In one embodiment, the fixing component further comprises a detaching section, the detaching section is arranged at one end of the buckling section, which is far away from the crimping section, and is bent relative to the buckling section, and the detaching section is used for detaching the fixing component.

The disassembly of the fixing part is facilitated through the disassembly section, and then the later maintenance and the like of the heat dissipation assembly are facilitated.

In one embodiment, the detachment section has a detachment portion.
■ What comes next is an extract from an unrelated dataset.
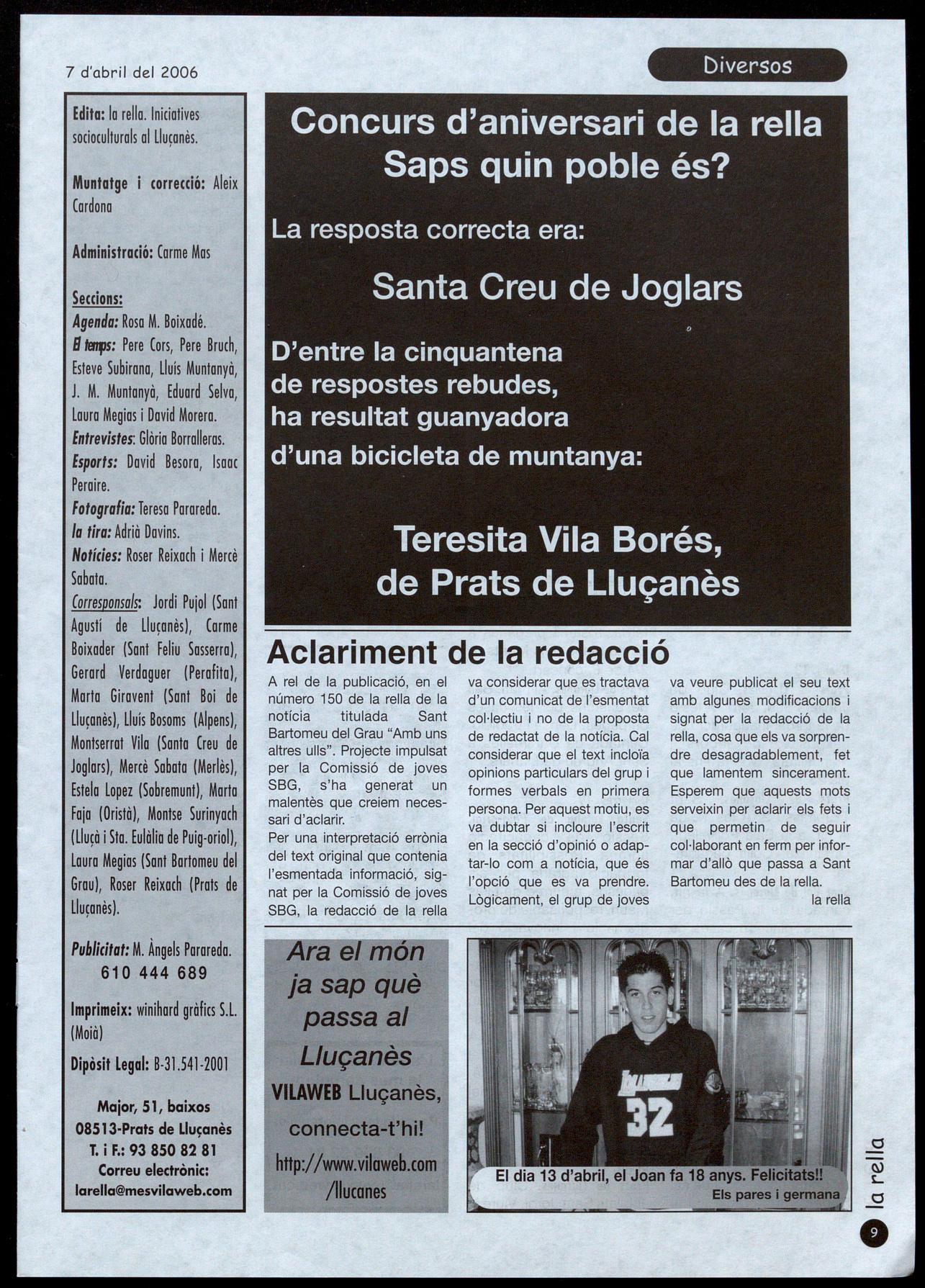 Informació facilitada per: Esteve SuMana, tlu¡à;' Lluís Muntanyà, Perolilô; pere Bruch, Olosl; Josep tv1. Muntanyà, Prols de Llu¡onès; Pere Cors, Orislà; Eduard Selva, SonI Boi de Llu¡onès; Laura. Megias, S.onlBortom,eu del Grou; David MQrera,,�SonlFeliu Sosserro

The disassembly part can facilitate the disassembly of the fixed part, and then the later maintenance of the heat dissipation assembly is facilitated.

In one embodiment, the crimping section comprises a first elastic section and second elastic sections arranged on two sides of the first elastic section, the second elastic sections are connected with the buckling sections, and the first elastic section is arranged in a concave mode relative to the two second elastic sections.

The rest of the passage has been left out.